◆ ACTION ITEM
No pictures go into the copy. Write out exactly the lines below from the one containing "Для активации рассылки" through the one containing "伯乐头条专讯:泰国气象局于9".

◆ MATERIAL SHOWN
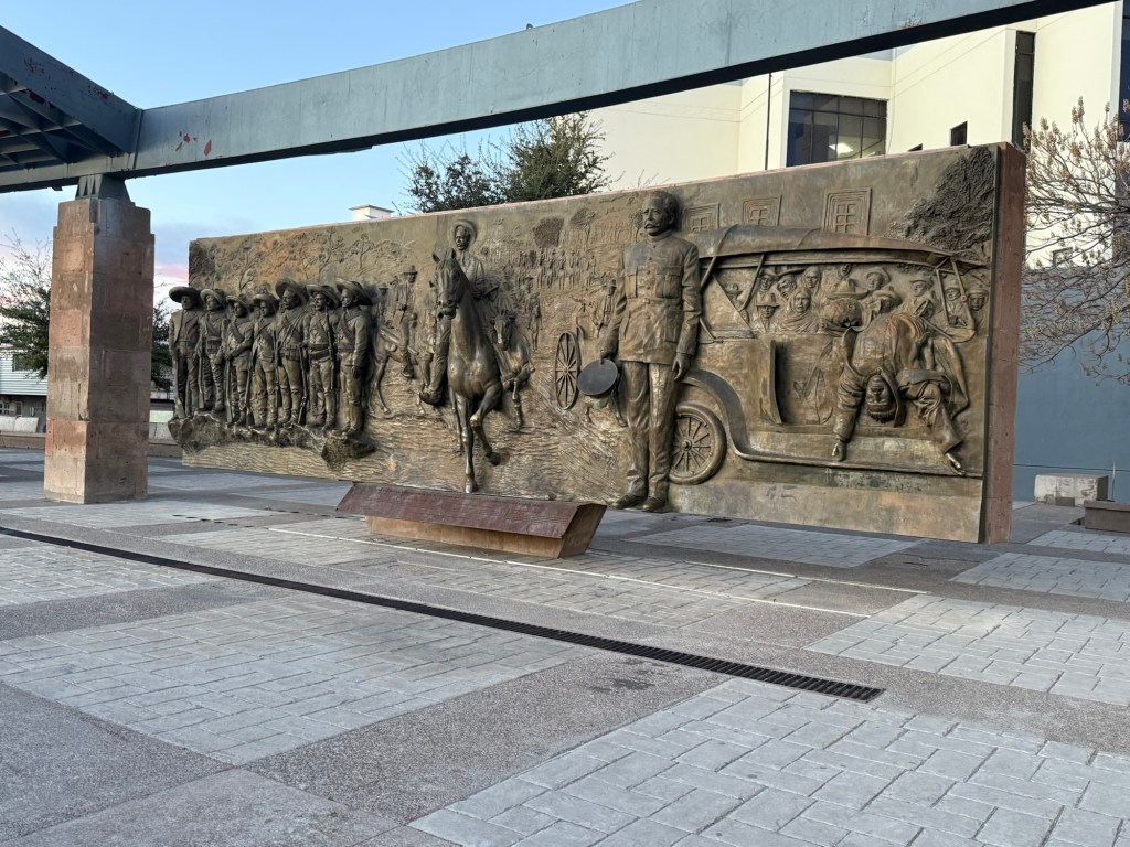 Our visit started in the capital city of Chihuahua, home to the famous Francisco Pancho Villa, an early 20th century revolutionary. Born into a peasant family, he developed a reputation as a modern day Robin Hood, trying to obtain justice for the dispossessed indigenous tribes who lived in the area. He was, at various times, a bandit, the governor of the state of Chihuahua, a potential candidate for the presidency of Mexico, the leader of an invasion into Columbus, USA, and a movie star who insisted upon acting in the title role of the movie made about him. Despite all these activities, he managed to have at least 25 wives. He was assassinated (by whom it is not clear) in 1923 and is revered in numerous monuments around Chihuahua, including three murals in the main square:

==

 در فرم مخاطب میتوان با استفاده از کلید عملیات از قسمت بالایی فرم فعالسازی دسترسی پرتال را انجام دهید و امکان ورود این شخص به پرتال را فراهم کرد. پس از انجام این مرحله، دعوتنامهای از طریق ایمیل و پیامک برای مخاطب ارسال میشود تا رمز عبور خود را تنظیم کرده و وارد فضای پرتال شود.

* * *

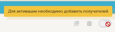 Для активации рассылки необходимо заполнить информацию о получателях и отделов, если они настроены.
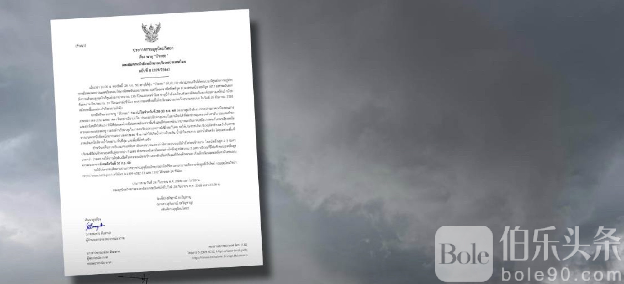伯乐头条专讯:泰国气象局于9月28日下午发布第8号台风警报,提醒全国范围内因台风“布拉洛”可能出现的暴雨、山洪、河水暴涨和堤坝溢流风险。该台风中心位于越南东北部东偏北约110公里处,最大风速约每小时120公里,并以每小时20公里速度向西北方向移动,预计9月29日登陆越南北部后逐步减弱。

◆ RESPONSE TO THE EXERCISE
 Для активации рассылки необходимо заполнить информацию о получателях и отделов, если они настроены.
伯乐头条专讯:泰国气象局于9月28日下午发布第8号台风警报,提醒全国范围内因台风“布拉洛”可能出现的暴雨、山洪、河水暴涨和堤坝溢流风险。该台风中心位于越南东北部东偏北约110公里处,最大风速约每小时120公里,并以每小时20公里速度向西北方向移动,预计9月29日登陆越南北部后逐步减弱。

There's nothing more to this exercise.